They say markets are, above all, a matter of psychology — and that is precisely where a new study by the European Central Bank (ECB) focuses its attention.
Prompted by a sharp deterioration in economic sentiment across the eurozone, ECB economists examined the effects of geopolitical risks on consumer expectations. Their findings shed light on a mechanism that is particularly familiar to Greek consumers: households that have lived through repeated economic crises react to each new shock with disproportionate intensity, even when the actual economic indicators do not justify such a reaction.
This phenomenon, which researchers call the “double scar” effect, has become the defining condition under which European households are now processing the war in Iran and its knock-on effects on energy prices.
Similarities and Differences with 2022
The study, published on the ECB’s blog, compared consumer reactions to Russia’s invasion of Ukraine in 2022 with their reaction to the conflict in the Middle East, which began with the US-Israel strike on Iran on February 28 of this year.
In March 2026, one month after hostilities commenced, average inflation expectations for the following twelve months were revised upward by 2.5 percentage points, while growth expectations fell by 1.2 percentage points. The simultaneous worsening in both directions — higher prices and lower growth — is, by definition, stagflation.
The overall shift toward stagflation scenarios is, according to the data, somewhat less pronounced than it was in 2022. The critical difference, however, is that this time the starting point is worse — meaning the baseline level of anxiety is already higher. Even before the Iran war broke out, medium-term consumer inflation expectations were already elevated compared to January 2022, before the Ukraine invasion. The new shock found the ground already prepared.
Memory as an Economic Factor
The ECB report zeroes in on a factor that resists easy measurement: memory. In January 2023, when eurozone inflation was running at 8.6%, nearly half of all households reported closely tracking price changes. By August 2025, even with inflation having returned close to the ECB’s target, that share had only eased to 41% — still remarkably high for a period of supposed normality.

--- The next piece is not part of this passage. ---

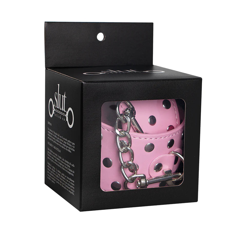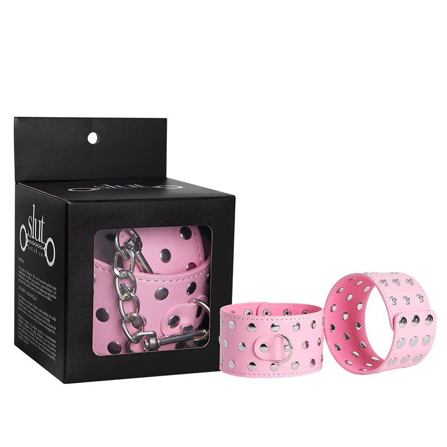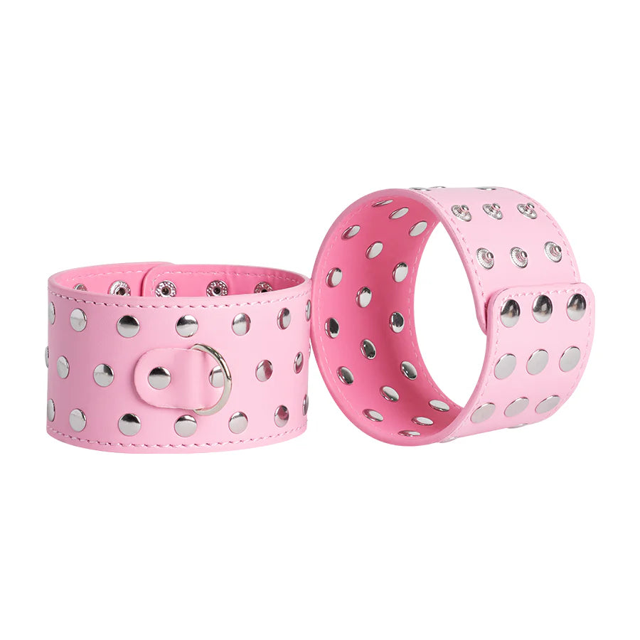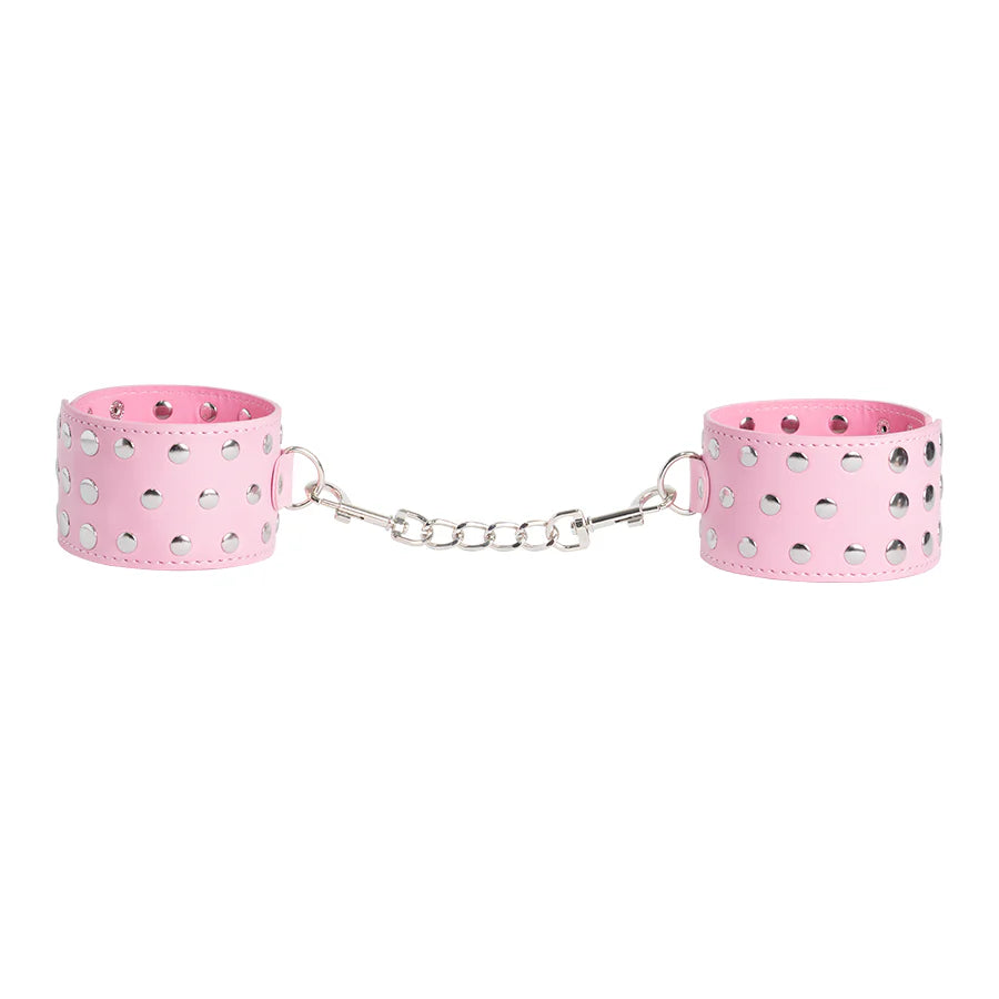 Juego de esposas para tobillos, incluyen taches a su alrededor.

When the Iran war erupted, it climbed back to 50%. The researchers interpret this as evidence that the inflationary crisis left a permanent imprint, with consumers monitoring prices with heightened sensitivity even when the reality around them does not call for particular alarm.
Geopolitical Anxiety
The second key finding concerns geopolitical anxiety. In May 2022, 35% of respondents reported high concern about the war’s impact on their personal finances. By December 2025, just before the new conflict broke out, that figure was still sitting at 25% — a level that suggests the sense of threat never fully dissipated in the intervening years. The “double scar” reflects precisely this combination of two overlapping experiences that mutually reinforce households’ wariness toward each new shock.
Why Are Greek Consumers Europe’s Most Pessimistic?

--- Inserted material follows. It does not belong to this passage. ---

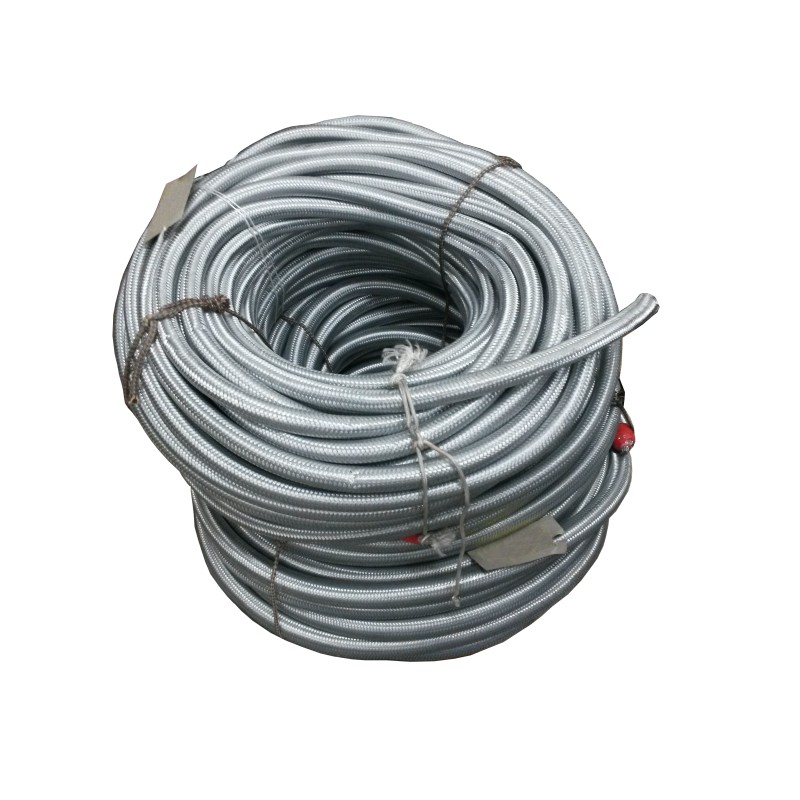 Tubo in elastomero per mandata di acqua industriale, aria e fluidi non corrosivi. Sottostrato nero liscio con ottime caratteristiche meccaniche e bassa permeabilità all'aria, rete di fili di poliestere ad alta tenacità, copertura in elastomero resistente all'abrasione ed all'invecchiamento. Rivestito con calza di acciaio zincato. Temperatura di esercizio: -20°C +60°C. Altri diametri, lunghezze e pressioni disponibili su richiesta.

If these findings describe a general European problem, for Greece they amount to a precise portrait of a chronic condition. According to the ECB’s latest Consumer Expectations Survey, in March 2026 the median perceived inflation rate among Greek households for the previous twelve months stood at 10.1%, compared to 3.5% for the eurozone as a whole — the largest gap between a single country and the overall average in the entire survey.

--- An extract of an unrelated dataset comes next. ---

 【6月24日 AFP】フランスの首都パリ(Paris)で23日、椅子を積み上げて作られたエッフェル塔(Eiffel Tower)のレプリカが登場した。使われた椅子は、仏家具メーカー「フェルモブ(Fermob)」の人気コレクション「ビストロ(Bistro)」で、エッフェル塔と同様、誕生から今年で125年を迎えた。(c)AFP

The distance from official inflation figures is equally striking. The Harmonized Index of Consumer Prices in March showed an annual increase of 3.4%, meaning the “lived inflation” experienced by Greek households was running at nearly three times the official rate. Even more revealing are expectations: Greek consumers anticipated 10% inflation for the coming twelve months in March, up from 5.2% in February — before the Iran war — while the Bank of Greece projects 3.1% inflation for 2026.
This gap has structural roots. Greek households needed 17 years for their nominal disposable income to return to 2008 levels, without ever having recovered those losses in real terms. The country ranks second-to-last in the EU by real per capita income in purchasing power standards, marginally ahead of Bulgaria, with income equivalent to roughly two-thirds of the European average. In this context, every new price increase hits disproportionately hard, because household purchasing power remains fundamentally fragile.
ECB Credibility as a Buffer
The ECB study notes that trust in the central bank functions as a buffer against the deterioration of expectations. Households that trust the ECB revised their inflation expectations far less sharply than those with lower confidence, the research argues. One positive sign, the authors note, is that trust in the ECB in February 2026 was higher than in February 2022 — a development attributed to the institution’s successful management of the previous inflationary episode.
Yet when the structural conditions of a country create a pervasive sense of economic vulnerability, trust tends to evaporate. In Greece, the combination of low wages, high housing costs, and the weakest purchasing power in the eurozone generates conditions of permanent uncertainty — for the majority of households that barely make it through each month. For Greek consumers, “perceived inflation” reflects the accumulated weight of fifteen years of compressed incomes, which makes every new geopolitical shock feel like a direct threat to the basics.